A push to stop surprise medical bills
There is a need to protect individuals and families from so-called ‘surprise’ medical bills for services provided by doctors, labs or technicians unknown to patients.
In a case that was reported to the Kaiser Family Foundation ─ a non-profit healthcare issues thinktank ─ a Texas high school history teacher emergency treated for a heart attack with stent implants in 2017 received a ‘surprise’ medical bill for US$108,951 from providers he knew nothing about. That was in addition to the $55,000 paid by his insurer to the treating hospital. After taking his case to the media, the teacher’s bill was reduced to $332.
Such stories are not unusual in the US. These situations occur most often under emergency conditions when patients don’t have the time or ability to select their service providers ─ some of whom may not be participants in their insurer’s approved network, or who may only be visitors to the US under cover of international travel insurance and therefore not subject to the network’s fee limits. It has also happened to patients in non-emergency settings who were simply not advised beforehand that an out-of-network specialist or physician may be brought in to provide services.
In states such as New York, where controls on ‘surprise’ billings were enacted in 2015, the issue has been markedly controlled, as it has in the dozen or so states that have passed similar laws since then.
But comparable legislation at the federal level, covering the nation as a whole, has been largely stonewalled, partly by party politics, as well as lobbyists hired by doctors’ groups or hospitals.
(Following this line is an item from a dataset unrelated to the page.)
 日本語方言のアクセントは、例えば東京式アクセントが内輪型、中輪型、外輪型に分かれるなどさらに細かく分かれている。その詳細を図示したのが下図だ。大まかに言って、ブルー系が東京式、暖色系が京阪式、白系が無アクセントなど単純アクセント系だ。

Still, in 2017 and 2018, legislators from both parties in the House and Senate have floated bills to end surprise medical billing. And in May this year, Trump called on both Democrats and Republicans to end the practice of surprise medical billing, stating that ‘No family should be blindsided by outrageous medical bills’.
The bills have differed in their intended methods of settling disputes: some limiting out-of-network charges to those being paid by patients’ primary insurers; others submitting them to third party unaligned entities; others to binding arbitration. Whatever the method, the mantra remains: Get the patient out of the middle.”
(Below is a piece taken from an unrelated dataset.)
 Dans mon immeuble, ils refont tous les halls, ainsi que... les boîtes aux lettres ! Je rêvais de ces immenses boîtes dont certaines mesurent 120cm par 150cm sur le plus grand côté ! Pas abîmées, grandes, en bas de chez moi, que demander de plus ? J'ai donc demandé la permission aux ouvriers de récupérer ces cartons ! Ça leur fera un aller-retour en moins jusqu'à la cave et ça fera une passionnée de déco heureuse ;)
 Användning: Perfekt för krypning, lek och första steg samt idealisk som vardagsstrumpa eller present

One of the House bills would also prohibit surprise charges for ground or air ambulances called in during emergencies. That bill cited the case of a $40,000 charge for an air ambulance brought in to handle a local emergency as being particularly odious.
But this being election season (leading up to November 2020) the ‘stop surprises movement’ has hit a further snag as lobbyists representing physicians’ associations (especially surgeons, ER specialists, anaesthesiologists and radiologists ─ providers of the bulk of emergency services in hospitals), as well as hospitals and doctors’ staffing companies, have descended on Capitol Hill and the local offices of Congressmen and Senators, to stifle any action and hopefully defer the momentum to the next Congress ─ better yet the next.
One so-called ‘dark-money’ group, representing mostly ER physicians, has reportedly spent $14 million on television ads attacking the various Senate and House bills. And, according to the Center for Responsive Politics (a non-aligned health affairs think tank), the American Hospital Association has spent $10.2 million and the American Medical Association $11.5 million on their lobbying efforts against various components of the ‘stop surprises’ efforts.
And though Congress itself has shown unity on this issue, there are the organic realities of election politics to be dealt with: Republicans still reeling from their failure to repeal Obamacare when they had the chance, and Democrats determined not to hand President Trump a Win on a healthcare issue going into his own election efforts.
As for patients, will they remain caught in the middle?